When I finished, Mouse rubbed his paw along his muzzle again, then sent another cloud of garlic dust up. We needed the booster; I was starting to get used to the garlic, and I'd almost gotten distracted from my storytelling a few times. Mouse has very deep and sensitive eyes. I started trying to remember where my bottle of peppermint extract was, and if it was somewhere that a very clever dog and cat could retrieve it from, if the garlic stopped working entirely. I wasn't sure I'd have the willpower to stay in the circle.
And I was fairly sure Mouse wouldn't have the willpower to stay away if I left it: he was lying alongside the copper ring, the hair of his belly pressed right against the ward, as close as he could get. "Harry, why do these things happen to you?" he asked plaintively.
Bob was bouncing the skull so hard I was afraid he'd fall off his shelf, so I gave him permission to talk again.
"Harry, you're an idiot sometimes," he said solemnly.
"Thanks," I told him. "I hadn't realized. Do you have anything helpful to add, or are you just going to mock me some more?"
"Well, as for this Ari woman. It would be helpful if you remembered anything about her appearance that didn't involve her relative attractiveness, but have you ever read the Four Branches of the Mabinogi?" he asked me.
"Yeah, but it's been awhile," I told him. Justin had made us study at least a little about most world mythologies, trying to give us the basics, I eventually realized, without telling anything we could use to be dangerous. I'd kept it up, but I'd never seen a reason to go back to the Welsh.

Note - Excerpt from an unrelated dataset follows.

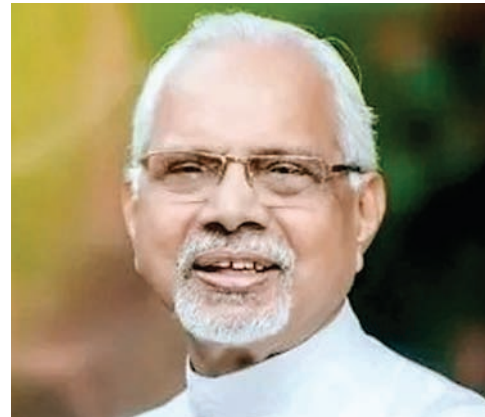
format that took him over 13 years from 1997 to complete, which became an instant best-seller with over three reprints.

I racked my brain, trying to figure out what Ari might have to do with it. Ari-- Ari -- "Arianrhod?" I said finally, incredulous. "You think that was actually Arianrhod?" I desperately racked my brains for everything I knew about Arianrhod. She didn't deal with mortals much anymore, that I'd heard of. Welsh goddess, daughter of Dôn, sister of Gwydion. "Oh fuck," I said. "Gwydion and Gilfaethwy."

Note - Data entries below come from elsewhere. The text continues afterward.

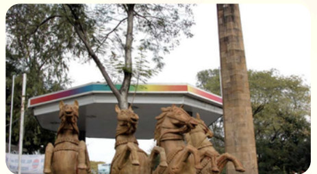
Zero Mile Stone
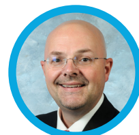
Brandon Storm Senator
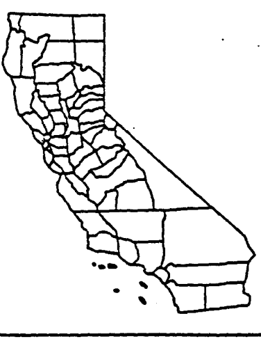
Exhibit B WP 5552
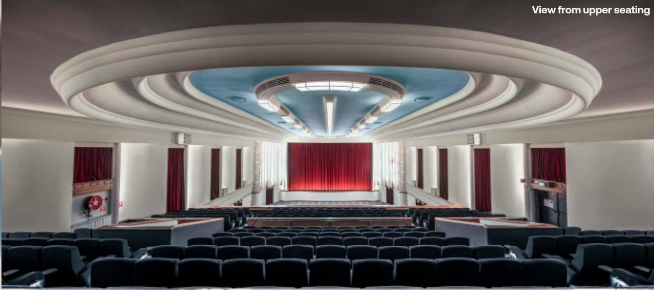
View from upper seating

#82 Although it's cold outside, we invite you into the warm interior of the Regal Theatre upgrade, recently completed by our heritage team.
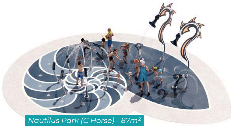
Nautilus Park (C Horse) - 87m 2
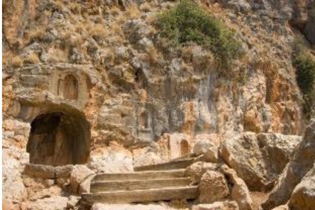
Niches which previously contained statues
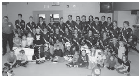
Photo: The Espanola Rivermen hosted a "meet the team" at the Espanola Complex. Here, the team poses with some of their youngest fans.

Espanola Rivermen Junior A Hockey Team Plays Home Opener This Friday
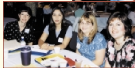
Cluster 6 - Central Valley Head Start staff attend Spring training on Initiatives.

Scan your community/family resources; assess community/family demands; engineer partnerships/collaborations; and craft plans of operation. Envision the best possible strategies that will link these initiatives and build successful outcomes for children and families. Again, be intentional and deliberate in your efforts!
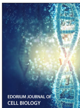
EDORIUM JOURNAL OF CELL BIOLOGY

"I think so, Harry," Bob said, nodding the skull a little bit.
"I am so screwed," I said. "Literally."
"Unless we figure out something really creative, then yes, probably."

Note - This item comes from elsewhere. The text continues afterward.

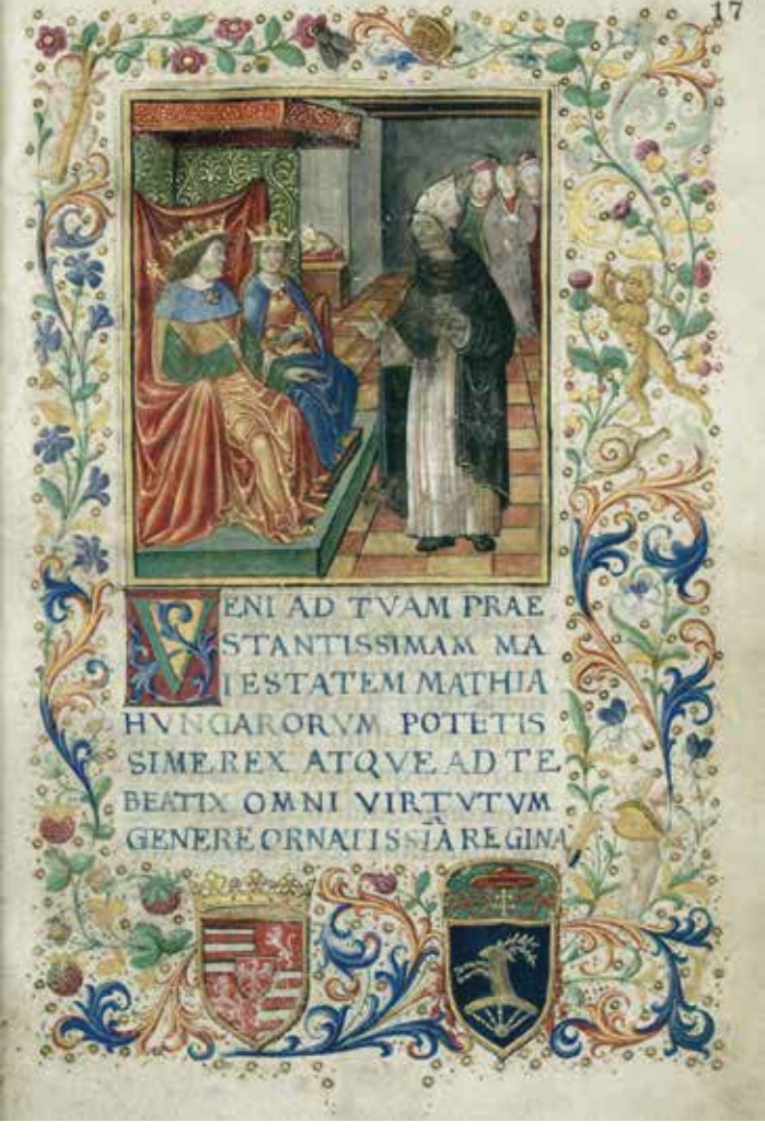
2. Ransano's speech before Matthias and Beatrix, Ransanus-corvina, Budapest, National Széchényi Library, Cod. Lat. 249, fol. 17r Ransanov govor pred Matijom i Beatrix, Ransanus-corvina, Budimpešta, Nacionalna knjižnica Széchényi, Cod. Lat. 249, fol. 17r

neither Johannes Corvinus nor Queen Beatrix succeeded in their ambitions. It was not the Habsburgs who gained power either. Instead, Ladislaus of the House of Jagiellon (†1516) was elected and crowned King of Hungary.<sup>7</sup>

"I don't know the Mabinogi," Mouse said. "Who's Arianrhod?"
"She's a Celtic goddess," Bob said. "Handles the moon, sorcery, motherhood, and running water. Think Hecate, only prettier and slightly more vindictive."
"You pissed off a Goddess, Harry?" Mouse asked. Even Mister looked slightly impressed.
I hunkered down into myself, embarrassed. "I thought the Celtic pantheon were pretty much retired. Don't hear much about them these days, except Gwydion and Govannon among the neopagan types. And Brigit, sometimes, but she's mostly Christian these days."
"They deal more with the Sidhe folk than with humans. Actually the Fae you've been dealing with are descended from them - sort of. When their religion faded, some of their people wanted to stay closer to the mortal world, so they settled in the faerie lands, and gave up a lot of their power along the way. They're the people who became the Aes Sidhe or the Daoine Sidhe or the Daoine Maithe - the fairy folk. Mostly Winter Court. Maeve and Mab and Lea are right out of that lot. But real gods and goddesses? The Children of Danu, the Tuatha de Danaan? They're every bit as powerful as they ever were. They tend to keep an eye on the Sidhe, though. Act protective when they feel like it, just kibitz when they don't, which is more often."
"Like the Calaquendi and the Moriquendi," I said.
"Yeah, sure, if you insist on putting everything in terms of Tolkien, Harry. Or you could just say that Arianrhod and her brothers are still capable of scaring the shit out of Mab."
"So what did Arianrhod do to Harry?"
I met Bob's eyes, and then looked away. "The most well-preserved story about Arianrhod and her brothers," I said, "well, it's kind of a long and complicated story. But when their Uncle Math decided that Gwydion and Gilfaethwy needed to be punished for something, he turned them into a succession of male and female animals, and left them stuck that way until they'd, um, reproduced. I think it was supposed to humiliate them. And, um, maybe teach them a little bit of compassion for women?"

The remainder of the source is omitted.